Items from a data source:
* * *

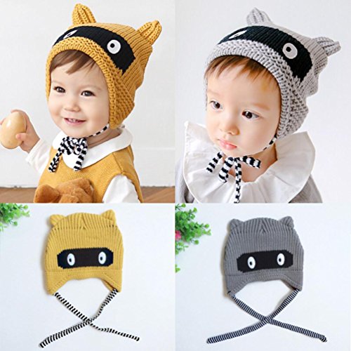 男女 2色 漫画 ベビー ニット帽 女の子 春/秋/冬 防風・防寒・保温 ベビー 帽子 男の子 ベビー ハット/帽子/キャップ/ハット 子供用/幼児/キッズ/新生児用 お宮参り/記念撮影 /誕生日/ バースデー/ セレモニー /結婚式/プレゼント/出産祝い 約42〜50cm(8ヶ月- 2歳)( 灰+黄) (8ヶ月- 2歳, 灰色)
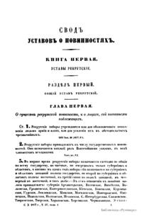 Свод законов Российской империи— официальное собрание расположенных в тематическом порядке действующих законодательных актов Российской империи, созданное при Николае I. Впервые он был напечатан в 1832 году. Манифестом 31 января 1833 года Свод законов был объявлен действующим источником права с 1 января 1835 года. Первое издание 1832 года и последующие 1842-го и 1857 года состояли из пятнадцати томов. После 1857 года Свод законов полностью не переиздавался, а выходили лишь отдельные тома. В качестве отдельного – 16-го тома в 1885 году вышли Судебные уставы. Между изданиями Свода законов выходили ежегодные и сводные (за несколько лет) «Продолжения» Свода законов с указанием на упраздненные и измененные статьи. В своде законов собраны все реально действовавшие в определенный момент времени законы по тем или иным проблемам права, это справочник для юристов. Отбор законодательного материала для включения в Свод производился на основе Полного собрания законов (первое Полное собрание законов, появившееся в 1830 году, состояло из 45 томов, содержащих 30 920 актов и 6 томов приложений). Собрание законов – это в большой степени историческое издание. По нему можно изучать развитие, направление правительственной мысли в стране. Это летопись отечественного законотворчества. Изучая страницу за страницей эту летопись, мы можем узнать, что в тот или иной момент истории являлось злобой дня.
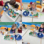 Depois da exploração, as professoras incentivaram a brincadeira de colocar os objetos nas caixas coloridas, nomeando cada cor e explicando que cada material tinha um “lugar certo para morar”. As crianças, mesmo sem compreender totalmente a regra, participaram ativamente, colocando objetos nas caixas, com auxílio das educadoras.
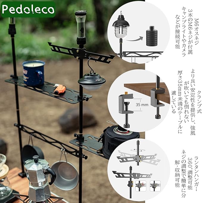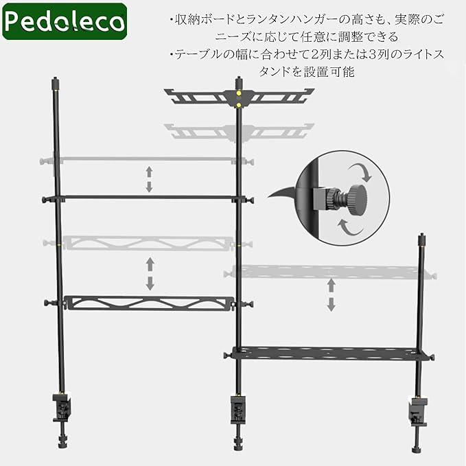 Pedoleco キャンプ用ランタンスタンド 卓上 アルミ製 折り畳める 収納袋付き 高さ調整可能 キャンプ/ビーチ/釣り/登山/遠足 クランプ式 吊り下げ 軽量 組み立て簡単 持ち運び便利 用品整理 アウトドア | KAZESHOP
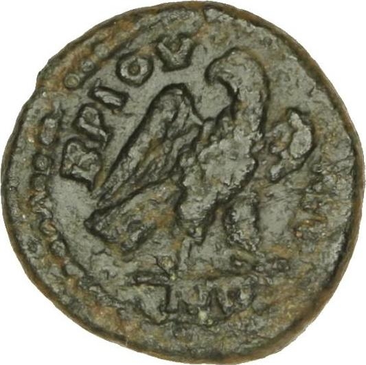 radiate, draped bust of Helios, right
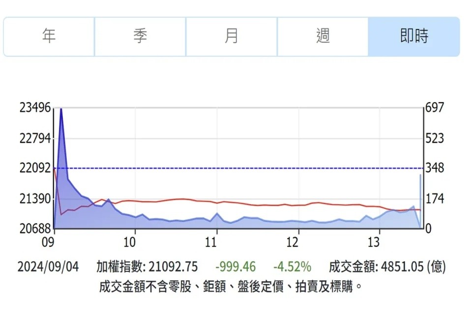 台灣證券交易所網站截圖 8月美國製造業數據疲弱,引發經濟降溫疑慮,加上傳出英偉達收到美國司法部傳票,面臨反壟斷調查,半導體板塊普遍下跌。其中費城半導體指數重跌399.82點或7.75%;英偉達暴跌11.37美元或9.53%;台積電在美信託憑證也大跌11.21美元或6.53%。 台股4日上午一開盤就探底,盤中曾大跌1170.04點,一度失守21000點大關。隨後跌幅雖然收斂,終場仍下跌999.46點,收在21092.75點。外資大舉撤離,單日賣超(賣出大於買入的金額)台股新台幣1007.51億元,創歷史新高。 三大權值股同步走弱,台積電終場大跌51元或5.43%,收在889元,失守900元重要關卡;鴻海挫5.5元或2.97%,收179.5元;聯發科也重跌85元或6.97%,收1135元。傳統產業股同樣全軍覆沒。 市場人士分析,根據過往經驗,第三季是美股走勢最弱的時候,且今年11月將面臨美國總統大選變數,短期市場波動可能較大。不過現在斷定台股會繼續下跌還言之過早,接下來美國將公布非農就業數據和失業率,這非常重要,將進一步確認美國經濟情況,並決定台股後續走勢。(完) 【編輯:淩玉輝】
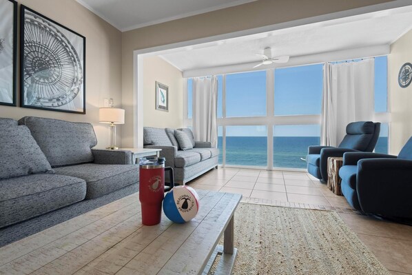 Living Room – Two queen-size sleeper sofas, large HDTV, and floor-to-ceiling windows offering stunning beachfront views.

* * *

_Activity_:
Above are the records; return the lines in them from the one with "Depois da exploração, as" to the one with "radiate, draped bust of Helios, right", inclusive, exactly and without images.

_Finished exercise_:
 Depois da exploração, as professoras incentivaram a brincadeira de colocar os objetos nas caixas coloridas, nomeando cada cor e explicando que cada material tinha um “lugar certo para morar”. As crianças, mesmo sem compreender totalmente a regra, participaram ativamente, colocando objetos nas caixas, com auxílio das educadoras.
 Pedoleco キャンプ用ランタンスタンド 卓上 アルミ製 折り畳める 収納袋付き 高さ調整可能 キャンプ/ビーチ/釣り/登山/遠足 クランプ式 吊り下げ 軽量 組み立て簡単 持ち運び便利 用品整理 アウトドア | KAZESHOP
 radiate, draped bust of Helios, right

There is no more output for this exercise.